In a subsequent experimental series, the influence of Calg and Ce on Ef was further investigated using the extract derived from the liquid phase of lavender distillation. As illustrated in Figure 3b, increasing Calg from 2.0 to 3.0% led to a modest enhancement in Ef, presumably due to improved gel strength and structural integrity of the hydrogel matrix. However, the beneficial effect was limited, likely constrained by either excessive matrix viscosity or saturation of encapsulation capacity [12,30]. In stark contrast, increasing Ce from 1% to 15% induced a pronounced decline in Ef, from approximately 90% to 40%, indicative of a destabilizing influence of the liquid extract on bead formation and stability. This inverse relationship may be ascribed to physicochemical perturbations such as increased osmotic pressure, ionic strength imbalances, or competitive interactions between phenolic constituents and Ca²⁺ ions, which may hinder effective crosslinking. Mehta et al. [31] have emphasized the detrimental effects of high core load concentrations on encapsulation systems, noting that excessive core material may compromise the integrity of the polymeric barrier, promote leakage, and reduce encapsulation yield and functional performance. Figure 3b further elucidated the interactive effects of Calg and Ce. Ef consistently decreased when Ce exceeded 6–8%, regardless of Calg concentration, suggesting that phenolic overloading disrupts matrix cohesion, likely through saturation of binding sites or disruption of gel microarchitecture. Conversely, increased Calg concentrations mitigated the decline in Ef at low Ce levels, reinforcing the stabilizing role of alginate; however, this effect was insufficient to counteract the destabilizing influence of elevated Ce levels. These results underscore the criticality of matrix-to-core ratio in designing efficient encapsulation systems. Furthermore, studies by Toprakçı et al. [29] and Liu et al. [32] corroborate these findings, emphasizing the delicate balance required between alginate and extract concentration to achieve maximal encapsulation efficiency.

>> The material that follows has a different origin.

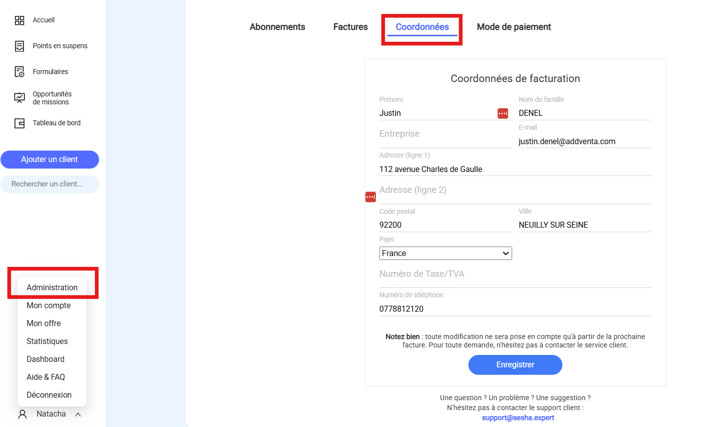 Voici comment modifier, mettre à jour vos coordonnées de facturation dans Sesha.

Under optimal conditions (Calg = 3.0%, Ce = 1.0%), the experimental Ef reached 102.22 ± 0.90%, denoting near-complete encapsulation. The regression model exhibited a high degree of fit to the experimental data, with R² of 91.15%, although the overall level of statistical significance was marginal (p = 0.082), suggesting that only specific terms may have contributed meaningfully to the observed variability. In particular, the concentration of the liquid residue (Ce) was found to be statistically significant (p = 0.017, F = 23.71), confirming its predominant role in influencing encapsulation efficiency. In contrast, the Calg did not exert a statistically significant effect (p = 0.611). These findings reinforce the observation that Ce acts as the primary regulatory factor in this encapsulation system, while Calg plays a supportive role without independently affecting the response in a statistically significant manner.

3.1.2. Co-Crystallization

Co-crystallization represents a particularly promising encapsulation technique, exploiting the ability of sucrose to form stable crystalline lattices during the transition from solution to solid state, thereby simultaneously entrapping bioactive components. In the present study, the influence of two key variables—the solids concentration of the extract (Xs, °Brix) and the extract-to-sucrose ratio (E/S, g/g)—on the encapsulation efficiency (Ef, %) of phenolic compounds derived from lavender solid waste extract was investigated.

As illustrated in Figure 4a, Ef exhibited a nonlinear response to changes in Xs. Based on experimental data, the highest encapsulation yields (>150%) were observed at the extremes of the investigated concentration range, namely at approximately 35 and 65–70 °Brix. In contrast, a marked decline (~90%) was recorded at intermediate concentrations around 52.5 °Brix. The observed nonlinear behavior of Ef in relation to Xs during sucrose co-crystallization can be attributed to variations in the fluidity and supersaturation levels of the crystallizing medium. At lower Xs values (e.g., ~35 °Brix), the medium exhibits lower viscosity, facilitating enhanced diffusion and integration of the extract into the forming crystalline matrix. This is supported by studies indicating that decreased viscosity in sucrose solutions promotes better diffusion of solutes, thereby improving entrapment efficiency [33]. Conversely, at higher Xs values (e.g., 65–70 °Brix), the increased concentration leads to a more supersaturated and viscous solution, which favors the stabilization of the crystalline structure. Such conditions enhance the formation of a robust crystalline lattice capable of effectively encapsulating bioactive components [14,33]. Intermediate concentrations (around 52.5 °Brix) may correspond to transitional states between semi-fluid and supersaturated phases. In these states, the medium’s properties are not optimal for either efficient diffusion or stable crystal formation, leading to reduced encapsulation efficiency. This phenomenon has been observed in studies where intermediate sucrose concentrations resulted in less effective co-crystallization processes.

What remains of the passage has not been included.